The line with "Dynamic Fleece Half-Zip" marks the first line to copy, and the line with "神师黄进龙神父特别为这一次的" marks the last. Transcribe that stretch of the data below exactly, without pictures.
# # #
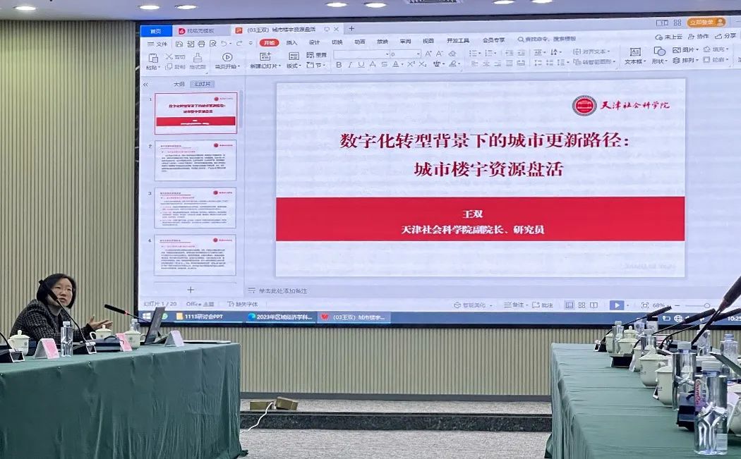 天津社会科学院副院长、研究员王双以《数字化转型背景下的城市更新路径:城市楼宇资源盘活》为题,从城市更新的逻辑起点为中心入手,指出城市更新中混改土地流转难、启动资金获取难、利益主体协同难、产业生态集聚难等亟待解决的问题并提出对策建议。最后王双副院长提出城市楼宇标准化和智慧化建设,即在智能楼宇的需求基础上,利用智慧化的手段或数字化治理的手段解决楼宇开发或楼宇生态圈建设的问题。
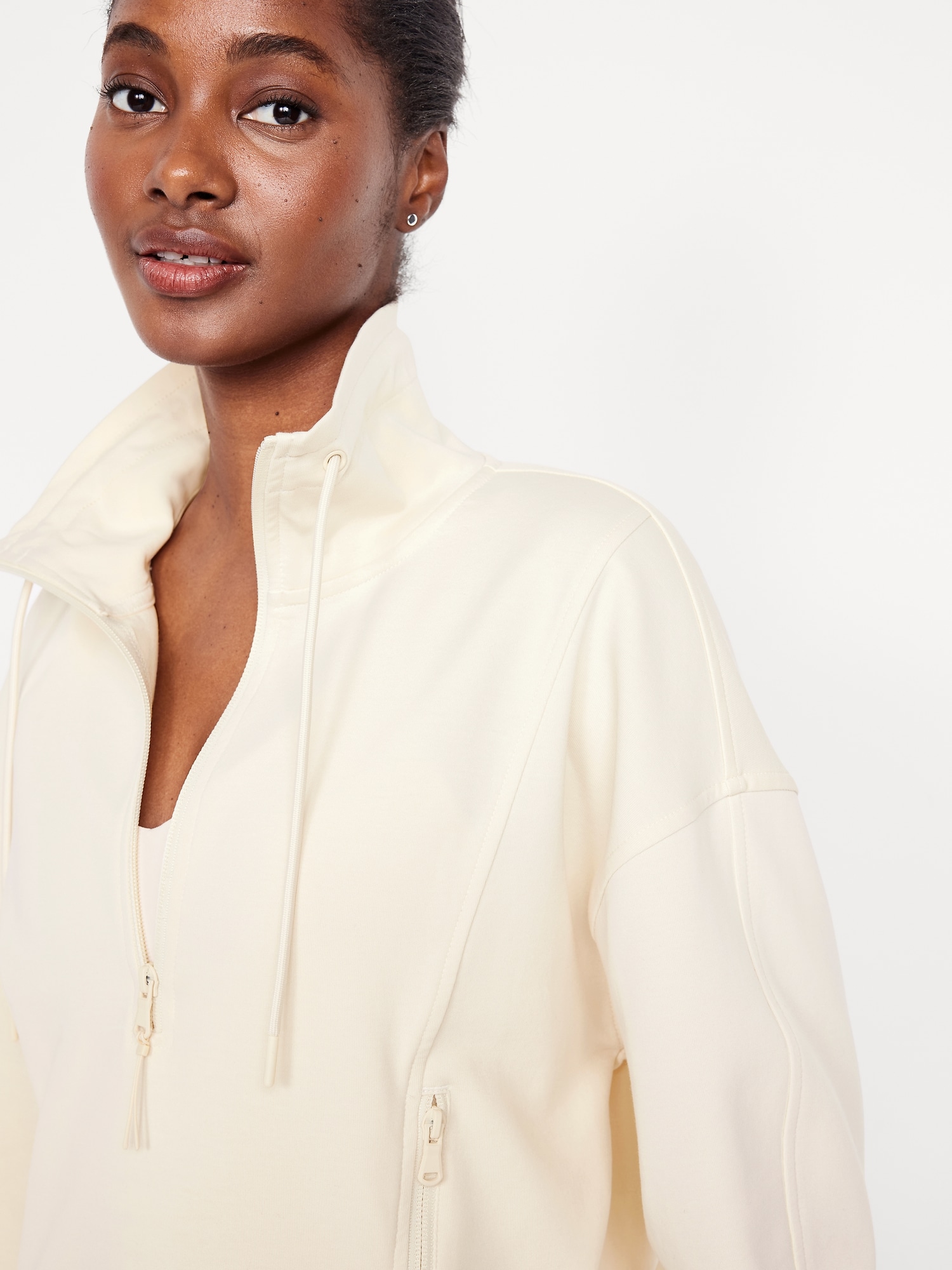 Dynamic Fleece Half-Zip Sweatshirt: Featuring Dynamic Fleece. Soft, smooth fleece plus made-to-move stretch.drawstring funnel neck, long sleeves, zip pockets, pullover style, #784417
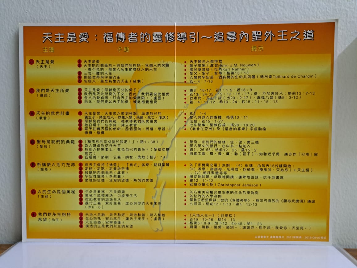 神师黄进龙神父特别为这一次的避静内容,给予我们许多灵修上的导引。他使用七个灵修主题给大家分门别类,不仅让我们更系统化地在脑海中建立了七个抽屉,让讯息更明确分类,也让我们从中建构一个扎实的灵修基础。
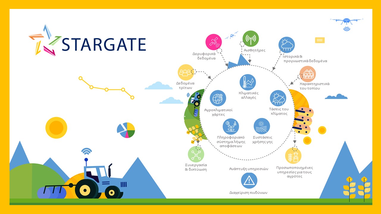 Το STARGATE φιλοδοξεί να αναπτύξει μια μεθοδολογία έξυπνης, πολυεπίπεδης και ολιστικής προσέγγισης για μια κλιματικά έξυπνη γεωργία, αξιοποιώντας καινοτομίες διαχείρισης του μικροκλίματος και της διαχείρισης των ευρύτερων κινδύνων λόγω καιρικών συνθηκών.
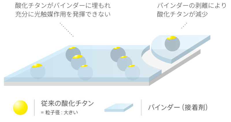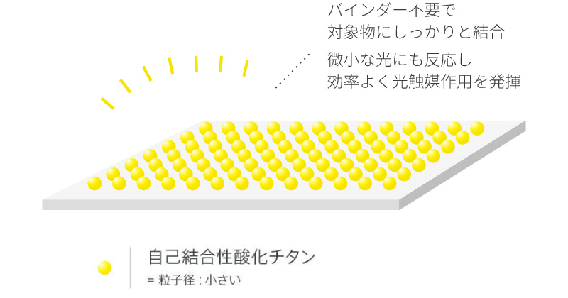 施工後は、施工時に使用するアルコールは揮発し、施工面には酸化チタンのみが定着。光がそこにある限り、菌・ウイルス・ニオイ・アレルゲンの原因物質を無害な水と二酸化炭素へと変えていきます。
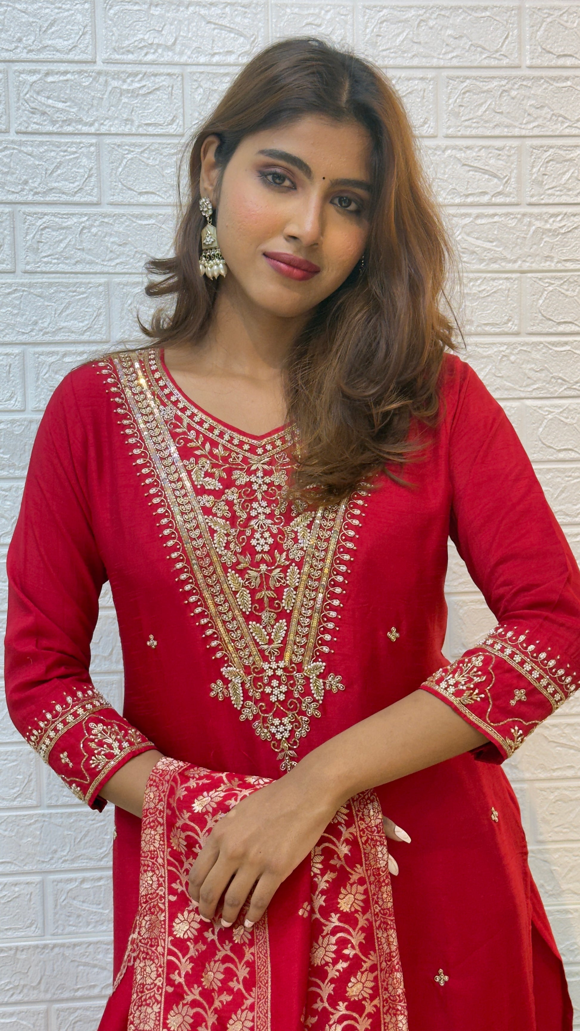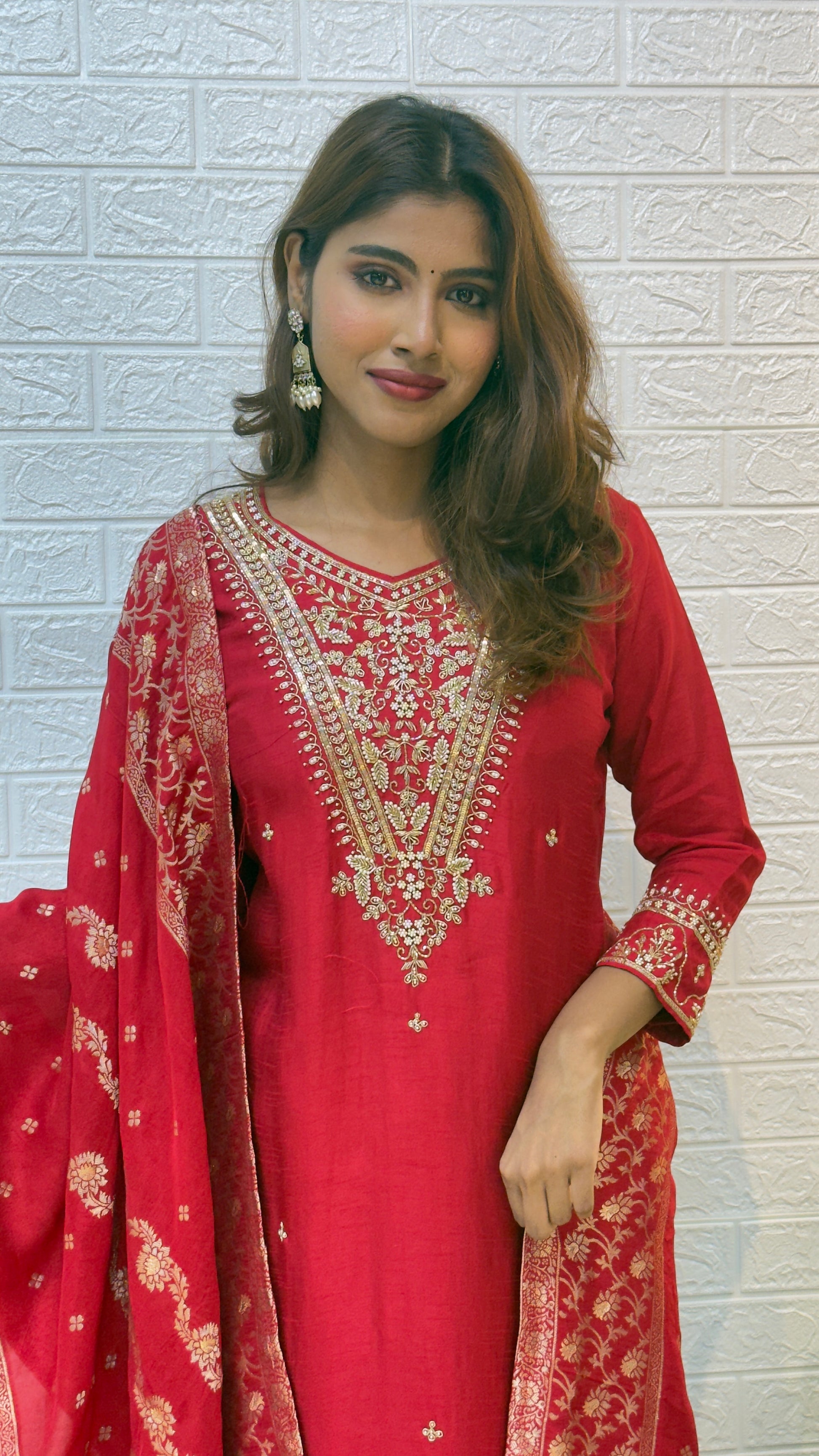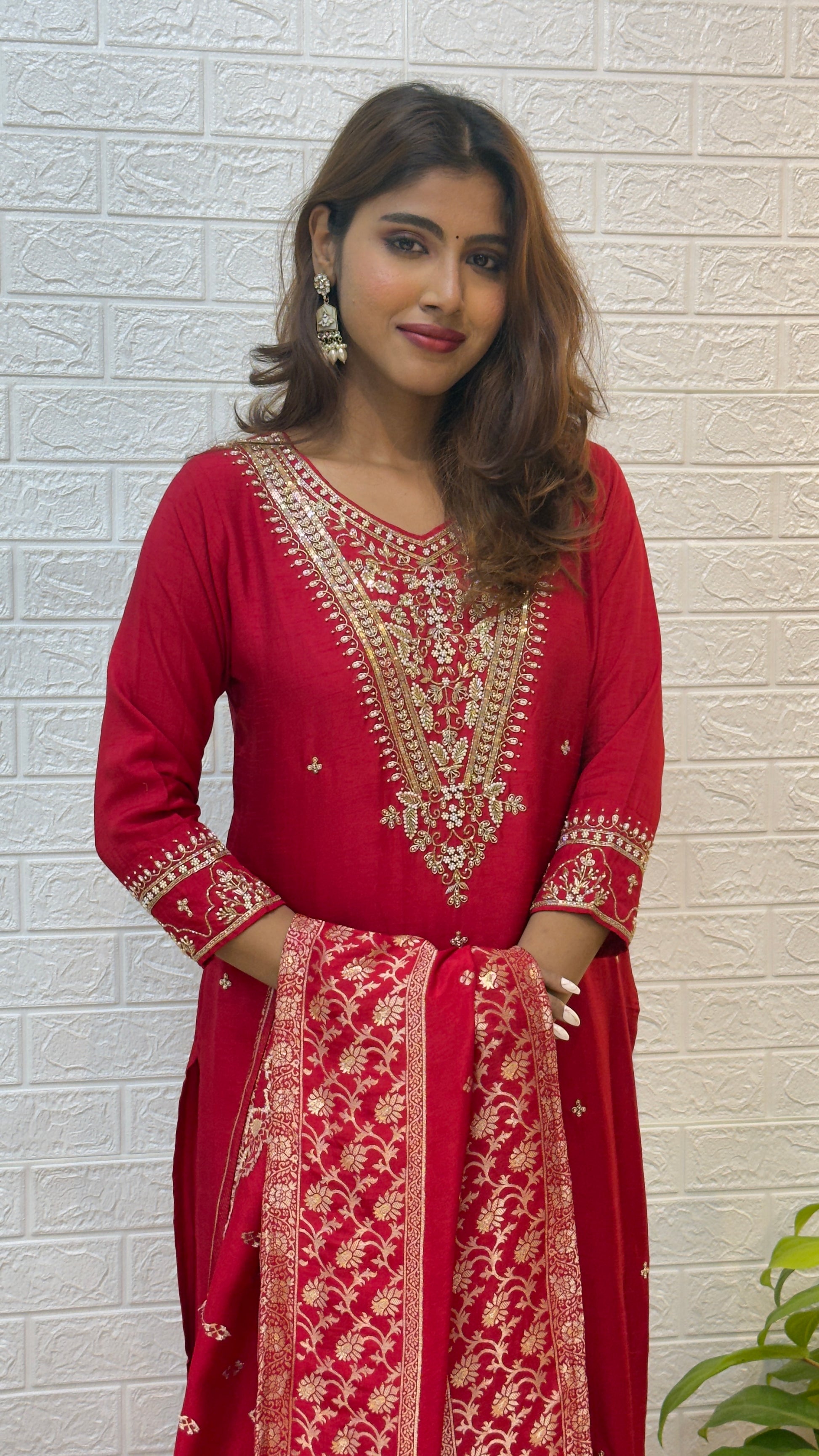 The deep Red tone paired with the shimmering Banarasi dupatta creates a perfect balance of vibrance and elegance. Lightweight yet grand, this outfit radiates festive joy and sophistication — ideal for weddings, family gatherings, and special occasions.
# # #
*RESPONSE BELOW*.
 Dynamic Fleece Half-Zip Sweatshirt: Featuring Dynamic Fleece. Soft, smooth fleece plus made-to-move stretch.drawstring funnel neck, long sleeves, zip pockets, pullover style, #784417
 神师黄进龙神父特别为这一次的避静内容,给予我们许多灵修上的导引。他使用七个灵修主题给大家分门别类,不仅让我们更系统化地在脑海中建立了七个抽屉,让讯息更明确分类,也让我们从中建构一个扎实的灵修基础。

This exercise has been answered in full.